COMMON
- Formation: 1960
- Legal status: Association
- Purpose: Education, resources, certification, networking
- Headquarters: Chicago, Illinois
- Region served: Worldwide
- Official language: English
- Board president: Justin Porter
- Main organ: COMMON.CONNECT
- Affiliations: IBM
- Staff: 11
- Website: www.common.org

= COMMON (user group) =

COMMON is the largest association of users of IBM Power Systems and IBM-compatible technology in the world. Power Systems are midrange computers, a class between mainframes and microcomputers. The users' group is a private, not-for-profit organization that provides education, tools, resources and networking opportunities for IBM i users. Members include users, IBMers, vendors, industry experts, recognized speakers, business leaders, and academics.

==History==
In 1969, the IBM System/3 became the first of IBM's mid-range computers, following by the System/34 and System/36. The IBM System/38, announced in 1978, was not very successful but its architecture was the basis of the IBM AS/400, released in 1988. There were 250,000 AS/400s installed in businesses at the end of 1994 with a corresponding number of people supporting the operation of those computers.

== Financial problems ==
The Late-2000s recession had a severe effect on COMMON activities.
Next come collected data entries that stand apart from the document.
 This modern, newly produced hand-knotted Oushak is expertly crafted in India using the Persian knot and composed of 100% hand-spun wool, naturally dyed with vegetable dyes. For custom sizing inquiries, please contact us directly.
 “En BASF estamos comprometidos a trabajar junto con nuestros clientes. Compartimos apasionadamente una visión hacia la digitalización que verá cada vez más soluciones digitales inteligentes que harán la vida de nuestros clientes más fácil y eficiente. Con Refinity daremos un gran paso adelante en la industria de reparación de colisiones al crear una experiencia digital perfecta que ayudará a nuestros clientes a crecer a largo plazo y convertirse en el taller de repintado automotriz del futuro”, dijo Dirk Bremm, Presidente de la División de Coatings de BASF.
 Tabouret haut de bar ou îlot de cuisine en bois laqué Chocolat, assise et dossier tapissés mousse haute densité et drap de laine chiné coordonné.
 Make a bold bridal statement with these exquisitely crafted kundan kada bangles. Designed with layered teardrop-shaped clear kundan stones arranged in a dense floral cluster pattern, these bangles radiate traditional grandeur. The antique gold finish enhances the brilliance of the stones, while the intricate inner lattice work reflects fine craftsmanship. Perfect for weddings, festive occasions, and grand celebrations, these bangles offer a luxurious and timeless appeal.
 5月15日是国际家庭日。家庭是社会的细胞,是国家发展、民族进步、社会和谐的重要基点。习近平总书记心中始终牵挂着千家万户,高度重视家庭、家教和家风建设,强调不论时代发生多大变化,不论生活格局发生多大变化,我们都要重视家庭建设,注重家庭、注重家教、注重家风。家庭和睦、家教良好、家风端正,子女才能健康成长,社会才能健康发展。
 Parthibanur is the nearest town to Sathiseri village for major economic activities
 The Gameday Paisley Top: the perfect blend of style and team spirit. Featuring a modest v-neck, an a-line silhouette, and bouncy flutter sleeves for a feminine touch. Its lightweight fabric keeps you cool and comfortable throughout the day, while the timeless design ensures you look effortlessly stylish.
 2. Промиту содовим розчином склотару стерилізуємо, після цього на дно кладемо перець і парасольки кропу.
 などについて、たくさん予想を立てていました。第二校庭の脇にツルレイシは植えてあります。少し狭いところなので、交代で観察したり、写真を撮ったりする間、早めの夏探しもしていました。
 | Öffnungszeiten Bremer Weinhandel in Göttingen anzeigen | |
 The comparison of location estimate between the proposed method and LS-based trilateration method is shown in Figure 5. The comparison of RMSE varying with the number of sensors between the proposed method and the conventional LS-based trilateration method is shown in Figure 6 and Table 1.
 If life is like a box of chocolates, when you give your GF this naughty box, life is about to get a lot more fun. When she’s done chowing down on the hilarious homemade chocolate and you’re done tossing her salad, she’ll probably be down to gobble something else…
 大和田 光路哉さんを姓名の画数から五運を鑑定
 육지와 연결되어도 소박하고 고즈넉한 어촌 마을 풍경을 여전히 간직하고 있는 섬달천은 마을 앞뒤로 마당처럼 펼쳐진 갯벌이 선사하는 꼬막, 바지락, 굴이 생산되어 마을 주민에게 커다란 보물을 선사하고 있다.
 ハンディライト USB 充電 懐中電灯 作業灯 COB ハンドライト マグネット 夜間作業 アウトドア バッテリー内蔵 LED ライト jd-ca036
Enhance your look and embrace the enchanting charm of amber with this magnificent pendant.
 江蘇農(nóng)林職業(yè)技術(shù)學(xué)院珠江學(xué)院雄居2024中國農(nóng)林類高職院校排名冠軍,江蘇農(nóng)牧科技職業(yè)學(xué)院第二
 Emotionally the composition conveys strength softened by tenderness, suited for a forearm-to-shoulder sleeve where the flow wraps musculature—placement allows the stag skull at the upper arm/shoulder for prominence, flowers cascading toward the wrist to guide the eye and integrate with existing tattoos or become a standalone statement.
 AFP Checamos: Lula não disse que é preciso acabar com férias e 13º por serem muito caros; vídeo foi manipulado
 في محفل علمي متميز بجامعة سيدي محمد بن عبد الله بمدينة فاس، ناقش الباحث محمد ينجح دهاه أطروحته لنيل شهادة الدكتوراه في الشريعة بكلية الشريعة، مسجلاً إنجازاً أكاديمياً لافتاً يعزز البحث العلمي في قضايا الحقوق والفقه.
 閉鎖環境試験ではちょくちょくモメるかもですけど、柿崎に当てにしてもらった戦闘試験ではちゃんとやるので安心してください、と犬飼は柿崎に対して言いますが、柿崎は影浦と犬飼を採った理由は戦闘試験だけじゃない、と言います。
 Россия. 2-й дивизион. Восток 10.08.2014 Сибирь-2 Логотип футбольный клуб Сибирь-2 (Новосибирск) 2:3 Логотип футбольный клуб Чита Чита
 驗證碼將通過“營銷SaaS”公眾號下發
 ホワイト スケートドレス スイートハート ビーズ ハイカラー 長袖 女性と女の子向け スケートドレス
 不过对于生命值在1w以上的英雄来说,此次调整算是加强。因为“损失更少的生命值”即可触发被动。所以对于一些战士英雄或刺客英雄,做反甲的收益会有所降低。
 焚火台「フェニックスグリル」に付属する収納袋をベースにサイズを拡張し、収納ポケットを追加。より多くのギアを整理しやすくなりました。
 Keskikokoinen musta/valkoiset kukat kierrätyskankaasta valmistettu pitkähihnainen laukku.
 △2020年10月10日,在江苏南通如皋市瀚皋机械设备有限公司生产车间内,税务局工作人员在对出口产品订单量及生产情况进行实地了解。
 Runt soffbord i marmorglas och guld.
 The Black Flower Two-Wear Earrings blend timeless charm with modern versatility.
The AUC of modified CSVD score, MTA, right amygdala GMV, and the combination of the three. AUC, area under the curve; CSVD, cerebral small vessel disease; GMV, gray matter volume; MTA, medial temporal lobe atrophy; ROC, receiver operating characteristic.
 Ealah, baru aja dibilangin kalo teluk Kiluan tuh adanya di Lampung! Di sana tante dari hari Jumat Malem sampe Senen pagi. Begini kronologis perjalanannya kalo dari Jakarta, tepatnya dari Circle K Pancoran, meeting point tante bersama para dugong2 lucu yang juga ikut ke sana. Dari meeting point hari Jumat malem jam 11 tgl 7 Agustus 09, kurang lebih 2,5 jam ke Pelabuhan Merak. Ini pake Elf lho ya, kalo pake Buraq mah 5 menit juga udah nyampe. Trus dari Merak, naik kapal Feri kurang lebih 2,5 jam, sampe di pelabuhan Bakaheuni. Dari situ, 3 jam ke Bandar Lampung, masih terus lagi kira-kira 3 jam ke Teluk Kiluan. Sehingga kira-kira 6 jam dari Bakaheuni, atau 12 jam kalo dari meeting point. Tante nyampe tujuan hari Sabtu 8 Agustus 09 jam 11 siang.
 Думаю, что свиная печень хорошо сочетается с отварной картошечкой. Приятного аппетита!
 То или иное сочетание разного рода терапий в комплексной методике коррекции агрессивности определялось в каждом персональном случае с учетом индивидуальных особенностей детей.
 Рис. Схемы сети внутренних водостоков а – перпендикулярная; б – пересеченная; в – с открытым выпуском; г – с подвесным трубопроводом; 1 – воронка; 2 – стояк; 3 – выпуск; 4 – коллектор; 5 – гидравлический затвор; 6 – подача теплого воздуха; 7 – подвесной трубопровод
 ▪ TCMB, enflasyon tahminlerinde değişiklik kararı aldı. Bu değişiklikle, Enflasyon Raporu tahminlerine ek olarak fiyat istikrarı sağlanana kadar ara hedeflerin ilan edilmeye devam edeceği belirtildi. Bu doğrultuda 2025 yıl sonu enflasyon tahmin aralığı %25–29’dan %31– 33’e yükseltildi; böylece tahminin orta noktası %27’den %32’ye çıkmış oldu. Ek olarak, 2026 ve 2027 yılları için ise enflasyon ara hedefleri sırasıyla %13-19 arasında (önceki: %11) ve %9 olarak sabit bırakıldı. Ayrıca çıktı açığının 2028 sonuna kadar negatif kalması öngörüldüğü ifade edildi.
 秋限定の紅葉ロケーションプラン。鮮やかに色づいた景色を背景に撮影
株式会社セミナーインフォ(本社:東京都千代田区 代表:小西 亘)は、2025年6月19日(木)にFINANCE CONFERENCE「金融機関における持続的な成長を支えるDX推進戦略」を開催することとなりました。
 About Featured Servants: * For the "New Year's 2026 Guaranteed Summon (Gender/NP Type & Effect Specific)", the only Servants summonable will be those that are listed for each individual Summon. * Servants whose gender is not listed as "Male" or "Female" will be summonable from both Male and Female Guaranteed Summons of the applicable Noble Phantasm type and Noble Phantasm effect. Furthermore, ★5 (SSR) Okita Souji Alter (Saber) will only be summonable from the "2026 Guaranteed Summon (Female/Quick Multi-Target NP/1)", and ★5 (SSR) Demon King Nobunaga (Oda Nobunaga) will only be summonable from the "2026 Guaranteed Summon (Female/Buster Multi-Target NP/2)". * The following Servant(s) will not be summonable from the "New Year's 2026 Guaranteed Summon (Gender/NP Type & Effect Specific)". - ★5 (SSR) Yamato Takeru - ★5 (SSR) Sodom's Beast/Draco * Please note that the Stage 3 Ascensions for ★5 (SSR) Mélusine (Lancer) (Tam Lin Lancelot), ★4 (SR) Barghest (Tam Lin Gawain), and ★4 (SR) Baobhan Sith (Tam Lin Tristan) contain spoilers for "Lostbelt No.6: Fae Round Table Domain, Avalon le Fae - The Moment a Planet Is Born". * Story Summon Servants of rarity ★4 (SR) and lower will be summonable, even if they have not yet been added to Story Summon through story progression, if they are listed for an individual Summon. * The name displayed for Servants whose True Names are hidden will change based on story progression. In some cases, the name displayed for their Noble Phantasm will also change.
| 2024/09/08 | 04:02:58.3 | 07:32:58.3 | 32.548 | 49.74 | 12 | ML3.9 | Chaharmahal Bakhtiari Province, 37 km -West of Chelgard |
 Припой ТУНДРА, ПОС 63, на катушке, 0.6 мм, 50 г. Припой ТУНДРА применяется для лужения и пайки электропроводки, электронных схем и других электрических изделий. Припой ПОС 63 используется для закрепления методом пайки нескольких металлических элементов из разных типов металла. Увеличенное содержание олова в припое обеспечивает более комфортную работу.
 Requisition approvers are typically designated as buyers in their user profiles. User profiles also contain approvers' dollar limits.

Event attendance, which had increased throughout the 1980s and 1990s, dropped substantially. COMMON began hosting one conference per year and shortened the conference length from five daysto four. Free attendance for volunteers was also eliminated and sponsorship was required for social events.

== Current status ==
In the 2020s, over 100,000 organizations used mid-range computers. Following a hiatus from COVID, bi-annual conferences resumed, as did additional educational offerings. As of 2021, there were over 26,000 members in LinkedIn's group for AS/400 and iSeries professionals.

IBM makes new product announcements at Common events where users can ask IBM developers questions.

== Member resources ==
Only members can utilize Common resources. Memberships can be acquired by individuals, company or user groups.

A popular feature of membership is the Common Conference, held twice a year at varying locations in the US. The spring conference is named "POWERUp"; the fall conference is named "NAViGATE". Nearly nine hours of educational sessions are scheduled each day; an exhibition expo is open on the second and third day, with about 40 vendors including IBM, offering software and hardware.

Common schedules internet-based education, including Webcasts and Webinars. A Career Center for employers and job hunters.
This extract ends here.